Una delle teorie più grandi della moderna cosmologia afferma che l’Universo sia emerso da un Big Bang. Non si tratta solamente di una idea ma di un modello scientifico, detto Lambda-CDM, che è supportato da numerose evidenze osservative. Per iniziare, abbiamo la radiazione cosmica di fondo, una sorta di eco primordiale della grande esplosione iniziale. Poi, l’altra evidenza è data dall’espansione cosmica (accelerata) che se viene immaginata a ritroso nel tempo ci porta ad una origine dell’Universo basata sull’idea del Big Bang. Inoltre, l’abbondanza degli elementi primordiali (nucleosintesi), come l’elio-3, l’elio-4, il deuterio e così via, possono essere derivati dalla teoria. La domanda è: che cosa ha causato il Big Bang? Per diversi anni, gli scienziati si sono basati sull’idea secondo cui l’Universo sia emerso spontaneamente dal nulla, cioè che il Big Bang sia stato il prodotto di fluttuazioni quantistiche da cui si è originato tutto ciò che vediamo. Ciò è plausibile, dato che conosciamo la meccanica quantistica ma i fisici hanno bisogno ancora di qualcosa d’altro, ossia di una prova matematica che supporti l’idea.

Oggi, grazie al lavoro di Dongshan He, Dongfeng Gao e Qing-yu Cai del Wuhan Institute of Physics and Mathematics, in Cina, i fisici sono arrivati alla prima, rigorosa prova matematica secondo cui il Big Bang possa essere avvenuto spontaneamente a causa delle fluttuazioni quantistiche. La prova si basa su un insieme particolare di soluzioni di una entità matematica nota come l’equazione di Wheeler-DeWitt. Nella prima parte del 20° secolo, i cosmologi hanno tentato di unificare la meccanica quantistica e la relatività generale, i due pilastri della fisica moderna, in modo da formulare una teoria che permettesse di descrivere unicamente i fenomeni della natura. Nonostante vari tentativi, le due teorie non sembrano riconciliabili.

I risultati, però, arrivarono negli anni ’60 quando i fisici John Wheeler e Bryce DeWitt combinarono queste idee precedentemente incompatibili in un quadro matematico noto, appunto, come equazione di Wheeler-DeWitt. Il lavoro di Dongshan e colleghi parte da questa equazione esplorando nuove soluzioni a partire dal principio di indeterminazione di Heisenberg. Ciò permette ad una piccola porzione di spazio vuoto di emergere, da un punto di vista probabilistico, a causa delle fluttuazioni quantistiche, dando luogo ad un “falso vuoto metastabile”. Quando ciò avviene, ci sono due possibilità: se questa bolla di spazio non si espande rapidamente, essa scompare di nuovo quasi istantaneamente; se, invece, la bolla di spazio si espande fino a raggiungere una dimensione abbastanza grande, allora si crea un universo in modo irreversibile.

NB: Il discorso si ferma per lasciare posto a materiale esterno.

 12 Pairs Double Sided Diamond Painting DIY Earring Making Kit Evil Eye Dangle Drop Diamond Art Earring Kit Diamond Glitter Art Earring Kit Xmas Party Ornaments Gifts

Il problema è se ciò è permesso dall’equazione di Wheeler-DeWitt. “Abbiamo provato che una volta creata una piccola bolla di vuoto vero, esiste una certa probabilità che essa si espanda esponenzialmente”, spiega Dongshan. Il loro approccio è quello di considerare una bolla sferica che sia interamente descritta dal suo raggio. Poi, gli scienziati derivano l’equazione che descrive il tasso con cui si espande questo raggio. Infine, essi considerano tre scenari relativi alla geometria della bolla, cioè se essa è chiusa, aperta o piatta. In ciascuno dei casi, i fisici trovano una soluzione in cui la bolla si può espandere esponenzialmente fino a raggiungere una dimensione tale da formare un nuovo universo, ossia un big bang.

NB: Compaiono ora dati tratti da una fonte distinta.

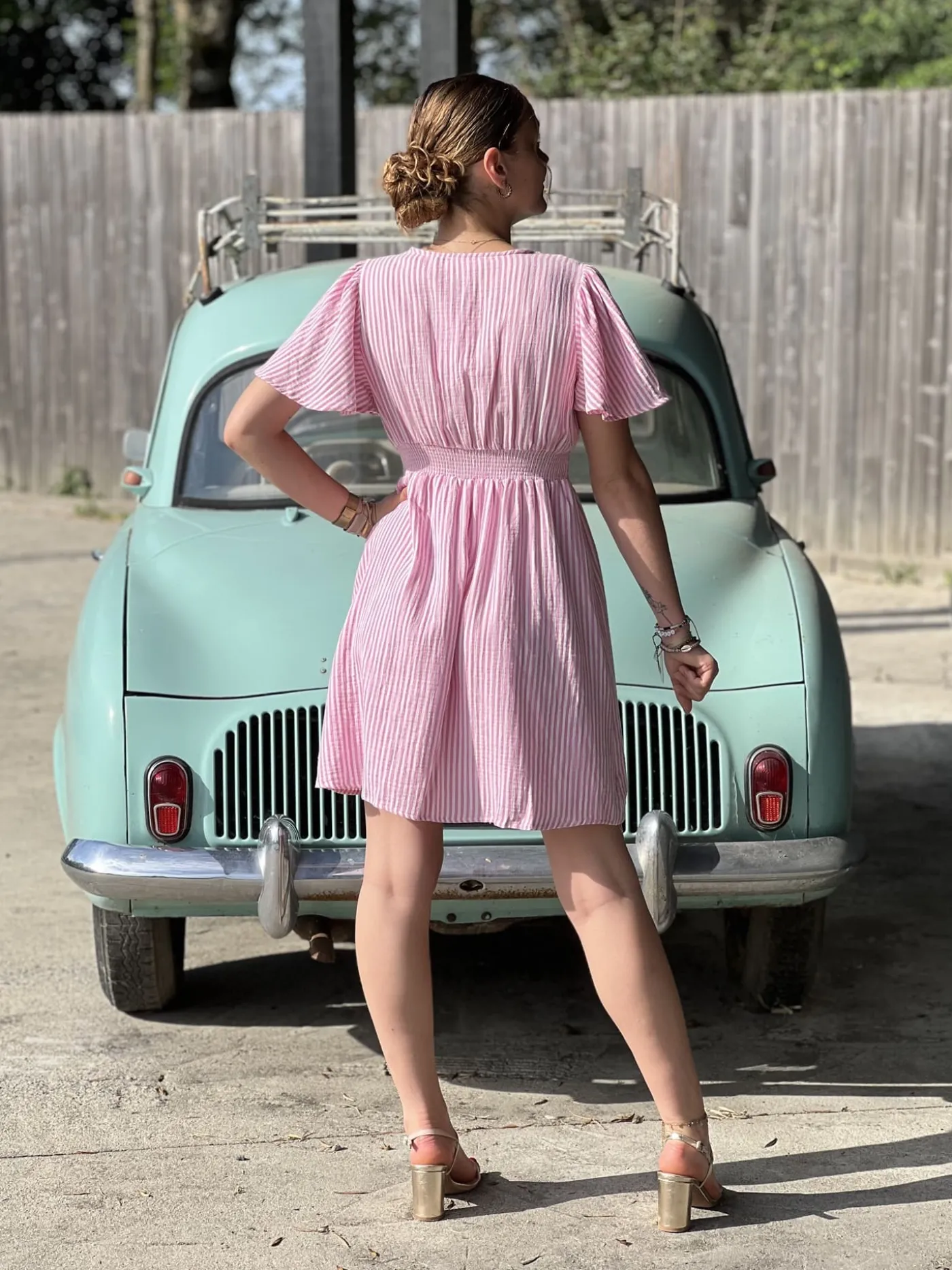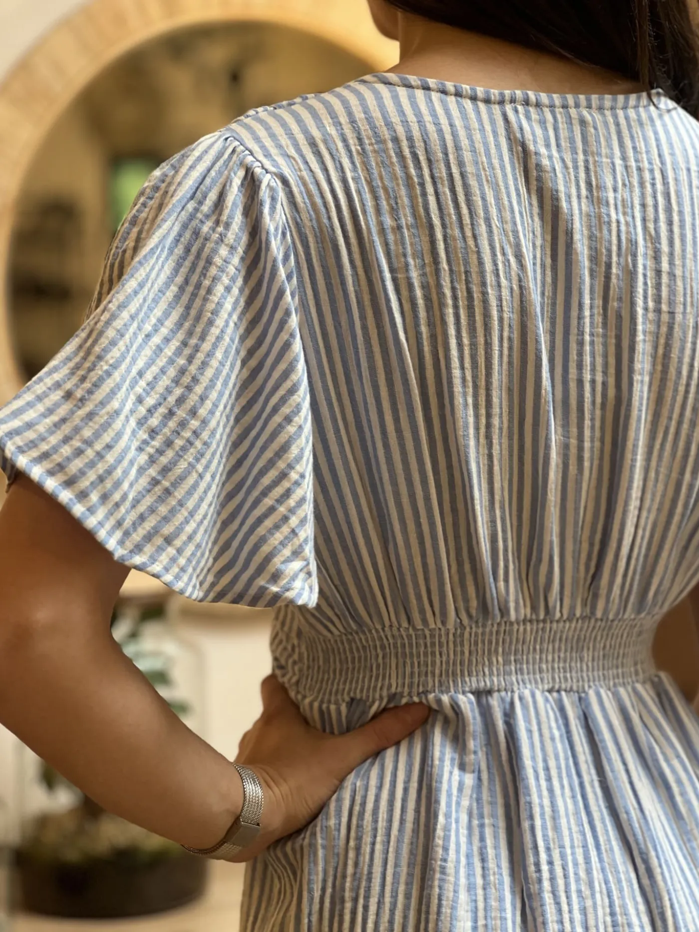 ROBE COURTE A MC COL V – RAYURES BLEU CLAIRES ET BLANCHESTaille : Justine mesure 1m69. Elle porte la taille S/M pour c…

Un fattore importante nei modelli attuali che descrivono l’Universo è la costante cosmologica, che che descrive la densità di energia dello spazio vuoto. Essa venne introdotta inizialmente da Albert Einstein nel 1917 nella sua teoria della relatività generale e poi abbandonata dopo la scoperta di Edwin Hubble sull’espansione dell’Universo. Fino agli anni ’90, gli astronomi assumevano che la costante cosmologica fosse zero. Ma più recentemente, i cosmologi hanno trovato delle evidenze osservative che “qualcosa” sta causando l’accelerazione dell’espansione cosmica, il che implica che la costante cosmologica non può essere zero. Ci si chiede, dunque, chi gioca il ruolo della costante cosmologica nella teoria di Dongshan, Gao e Cai?

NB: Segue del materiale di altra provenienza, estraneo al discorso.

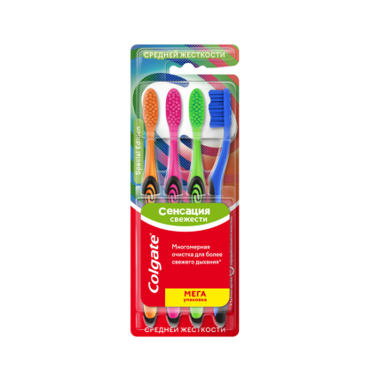 Зубная щетка Colgate Сенсация Свежести Special Edition 4шт средней жесткости обеспечивает многомерную чистку для более свежего дыхания*.
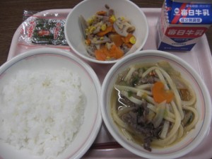 今日の給食は、牛乳・減量ごはん・味付けのり・肉うどん・れんこんの炒め物 でした。
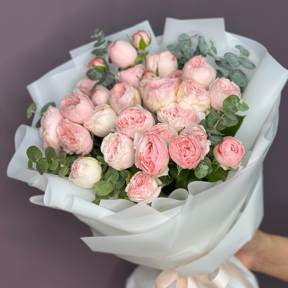 Гвоздики, Кустовые розы, Лизиантусы, Пионовидные розы, Розы

Sorprendentemente, essi introducono una quantità, nota come potenziale quantistico, che fa le veci della costante cosmologica nelle nuove soluzioni matematiche. Questo termine deriva da una teoria, chiamata “onda pilota”, che venne sviluppata durante la metà del 20° secolo dal fisico David Bohm. La teoria, detta anche meccanica bohmiana, riproduce tutte le previsioni della meccanica quantistica ma al prezzo di accettare un termine aggiuntivo, che è, appunto, il potenziale quantistico. Inoltre, la teoria rende la meccanica quantistica interamente deterministica poiché il potenziale quantistico può essere usato per determinare alcuni parametri quali la posizione di una particella.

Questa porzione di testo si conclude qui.